2. FIT: Train interpretable model on perturbed samples
g = train_linear_model(x', y', weights=w)
# g is a simple model (linear regression, decision tree)
# that approximates f locally around x
3. EXPLAIN: Extract feature contributions from g
explanation = g.coefficients # For linear model
RETURN explanation
LIME Pseudo-code Implementation
PSEUDO-CODE: LIME for Tabular Data
def explain_instance(model, instance, num_samples=5000):
"""
Explain a single prediction using LIME
Args:
model: Black-box model with predict() method
instance: Data point to explain (numpy array)
num_samples: Number of perturbed samples
Returns:
Dictionary mapping features to importance scores
"""
# Step 1: Generate perturbed samples
perturbations = []
predictions = []
weights = []
FOR i in range(num_samples):
# Create perturbed version
perturbed = instance.copy()
# Randomly turn features "on" or "off"
mask = random_binary_mask(len(instance))
perturbed = apply_mask(perturbed, mask, training_data)
perturbations.append(mask) # Store binary representation
predictions.append(model.predict(perturbed))
# Weight by similarity to original instance
distance = hamming_distance(mask, ones_vector)
weight = exp(-distance / kernel_width)
weights.append(weight)
# Step 2: Fit weighted linear model
X = array(perturbations)
y = array(predictions)
w = array(weights)
# Weighted ridge regression
linear_model = Ridge(alpha=1.0)
linear_model.fit(X, y, sample_weight=w)
# Step 3: Extract explanation
feature_names = get_feature_names()
explanation = {}
FOR i, coef in enumerate(linear_model.coef_):
explanation[feature_names[i]] = coef
RETURN explanation
# Example usage
instance = [35, 75000, 20000, 5] # Age, Income, Debt, History
explanation = explain_instance(loan_model, instance)
# Output:
# {
# "Age": 0.02,
# "Income": 0.45, # Strong positive
# "Debt": -0.38, # Strong negative
# "History": 0.15
# }
LIME for Different Data Types
Tabular Data: Perturb by replacing feature values with samples from training distribution
Text: Perturb by removing words and observing prediction changes
ORIGINAL: "This movie was absolutely fantastic and wonderful!"

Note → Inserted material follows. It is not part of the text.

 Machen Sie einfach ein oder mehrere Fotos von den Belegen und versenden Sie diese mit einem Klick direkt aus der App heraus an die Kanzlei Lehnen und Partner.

PREDICTION: Positive (0.95)
PERTURBATIONS:
"This movie was absolutely [MASK] and wonderful!" -> 0.82
"This movie was [MASK] fantastic and wonderful!" -> 0.91
"This [MASK] was absolutely fantastic and [MASK]!" -> 0.78
...
EXPLANATION:
"fantastic" -> +0.25 (most important positive word)
"wonderful" -> +0.18
"absolutely" -> +0.08
Images: Perturb by masking superpixels (coherent regions)
ORIGINAL IMAGE: Cat photo
PREDICTION: Cat (0.92)
PERTURBATIONS:
[Mask ears] -> 0.71 # Ears matter
[Mask eyes] -> 0.65 # Eyes matter a lot
[Mask background] -> 0.89 # Background doesn't matter much
EXPLANATION: Heatmap showing ears and eyes as most important
SHAP: Game-Theoretic Feature Attribution
SHAP (SHapley Additive exPlanations) was introduced by Lundberg and Lee in 2017. It grounds feature attribution in game theory, providing theoretically consistent explanations.
"SHAP assigns each feature an importance value for a particular prediction." — A Unified Approach to Interpreting Model Predictions
Shapley Values Explained
SHAP is based on Shapley values from cooperative game theory. The intuition:
THE GAME: Predicting the output is a "game"

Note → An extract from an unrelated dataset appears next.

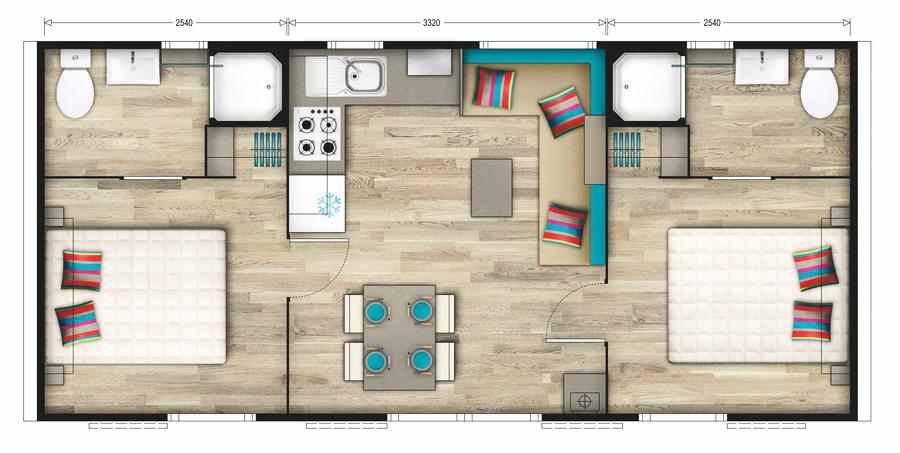 Mobil-home 3 pièces 4 personnes de 32m² composé d'un coin séjour, d'une kitchenette équipée, d'une chambre avec lit double, d'une chambre avec 2 lits simples, de deux salles de douche avec WC attenantes aux chambres et d'une terrasse.

THE PLAYERS: Features are "players"
THE PAYOUT: Prediction value is the "payout"
QUESTION: How do we fairly distribute credit among players?
SHAPLEY'S ANSWER:
Consider every possible coalition (subset) of players.
For each coalition, measure each player's marginal contribution.
Average over all possible orderings.
FORMAL:
φᵢ = Σ |S|!(|N|-|S|-1)! / |N|! × [f(S ∪ {i}) - f(S)]
S⊆N\{i}
WHERE:
- φᵢ: Shapley value for feature i
- S: A subset of features not including i
- N: All features
- f(S): Model output with only features in S
Why Shapley Values?
Shapley values uniquely satisfy four desirable properties:
| Property | Meaning |
|---|---|
| Efficiency | Feature contributions sum to the prediction minus baseline |
| Symmetry | Equal features get equal attribution |
| Dummy | Irrelevant features get zero attribution |
| Linearity | Combining models combines attributions linearly |
No other attribution method satisfies all four properties.
SHAP Pseudo-code
PSEUDO-CODE: Kernel SHAP (Model-Agnostic)
def shap_values(model, instance, background_data, num_samples=2000):
"""
Compute SHAP values for an instance
Args:
model: Black-box model
instance: Data point to explain
background_data: Reference dataset for baseline
num_samples: Number of coalition samples
Returns:
SHAP values for each feature
"""
num_features = len(instance)
# Expected value (baseline prediction)
baseline = mean([model.predict(x) for x in background_data])
# Sample coalitions (subsets of features)
coalitions = []
predictions = []
weights = []
FOR i in range(num_samples):
# Random coalition (binary mask)
coalition_size = random_int(0, num_features)
coalition = random_subset(num_features, coalition_size)
# Create instance with coalition features from instance,
# non-coalition features from background
masked_instance = instance.copy()
background_sample = random_choice(background_data)
FOR j in range(num_features):
IF j not in coalition:
masked_instance[j] = background_sample[j]
coalitions.append(binary_mask(coalition, num_features))
predictions.append(model.predict(masked_instance))
# Shapley kernel weight
k = len(coalition)
IF k == 0 OR k == num_features:
weight = 1e6 # Very high weight for empty/full coalitions
ELSE:
weight = (num_features - 1) / (binomial(num_features, k) * k * (num_features - k))
weights.append(weight)
# Solve weighted linear regression
X = array(coalitions)
y = array(predictions) - baseline
w = array(weights)
# Constraint: coefficients must sum to (prediction - baseline)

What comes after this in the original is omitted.